Critical Thinking May Not Make You Popular, But It Does Make You Free


When it comes to bold life choices, there’s always a win some, lose some situation. Personal Development is one such choice. You deliberately make a decision to change yourself in order to live a more authentic and purposeful life. Most of the time, this process involves changing the way you think or behave, and emotional changes soon follow as a result of the first (or often even guide the process by letting the individual know how close they are to their goal, their Authentic Self and the life they want).

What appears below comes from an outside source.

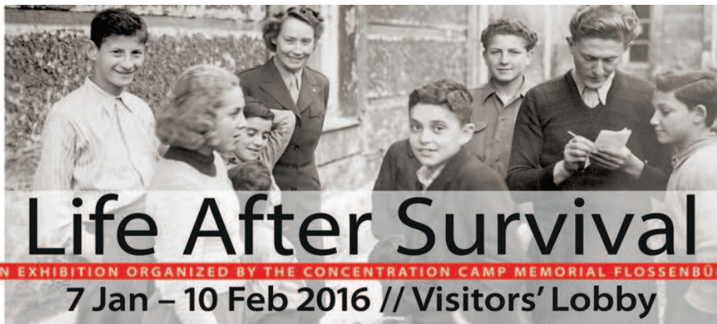
Bild: In einer Größe von 1,75 m x 4,60 m ist dieses Banner im Eingangsbereich der Vereinten Nationen in New York zu sehen, das auf unsere Ausstellung hinweist. Dieser erstklassige Ausstellungsort wird unser Projekt der Verständigung zwischen Generationen und Nationen weiter beflügeln.

Die Ausstellung bietet auch einen Anreiz, sich der Bedürfnisse traumatisierter junger Flüchtlinge heute bewusst zu werden und was getan werden muss, ihnen jetzt zu helfen.

Once you start the process, there’s no going back. Once you’ve changed, you propagate your new Self into the world and therefore, the contexts around you have to answer to that change by modifying their own response and dynamics. And this doesn’t usually happen in a smooth way. Systems are prone to maintain homeostasis and they will fight whatever is trying to change them.

Placed in everyday contexts,  this means that family,  friends, people from your workplace, school colleagues, lovers, and partners will all come into contact with the changed You and the results of these interactions cannot be predicted. You’ve been having these relationships for a long time and they’ve had their own specific dynamic, so the change seems unnatural from this perspective (at times, it’s this specific dynamic that started or solely maintained the relationships themselves).

Considering the fact that one’s thinking process is the most often modified during a guided personal development program and that the direction of this alteration is towards more rational thinking, I believe it is safe to say that people acquire Critical Thinking skills more than any other skill set when on their way towards their desired life. It comes in handy when we have to deal with our emotions and manage our behaviors, but most of all it helps build a healthier model of reality. It takes one closer to the Truth. And Truth takes you closer to a scientific view of the world, and vice versa.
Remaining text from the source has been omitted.